Vibe coding has allowed them all to try and show everyone how right they were.

Right, but most of them don't already work as software engineers, at least it hasn't been my experience of my colleagues. However, companies that are aggressively adopting AI coding tools aren't (at least nobody has shown it) getting better by any metric. So, what gives? Why, generally, isn't this kind of success story common?
Because most tasks aren't "refresh this code from 10-20 years ago"?

If you needed an old piece of code at $WORK, you probably already paid the tax of refreshing it or replacing it.

This sort of task is similar in nature to something like "I have a 25yo unmaintained Linux driver, let's refresh it for modern Linux" - a great demonstration of the efficacy of these tools if you have the right-shaped task, but not a task that comes up repeatedly in most people's days.

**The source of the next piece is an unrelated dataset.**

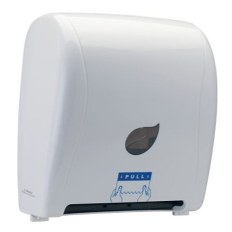Pur-Clean™ Auto Cut Roll Towel Dispenser, wall mount, hands-free, cuts 9" sheets with each pull, fist most types of 7-7/8" paper towel rolls, impact-resistant construction, white (Qty Break = 3 each)

That's a good point, this does seem qualitatively different. Like dialect translation. In that case the specification is really precise, it's just the old code. Building something new or adding functionality to existing software the spec is almost guaranteed to be more vague.

EDIT: this specificity seems important for language models but the harder I think about it the less sure I am that it's the right intuition..

My intuition is that what makes them well suited is that the transformations on the input desired are well-defined and frequent tasks - e.g. any other software that migrated from, say, SDL1 to SDL2, or had to move from gcc 3 to 4, or Sun cc to gcc, had to have these transformations in their source history.

IOW, "there is probably very little stopping you except time from having written Coccinelle patches to mechanically do most of these transformations".

for the same reason that there is so much bad writing online? you'd think that making it much easier to make large projects would mean a great many more people would make large projects - this will inevitably reduce quality.

The number of people with the time and dilligence, the people who previously would have been making them previously, is much fewer. They hide themselves away to find likeminded people anyway, but now its even harder to find them amongst all the deafening slop.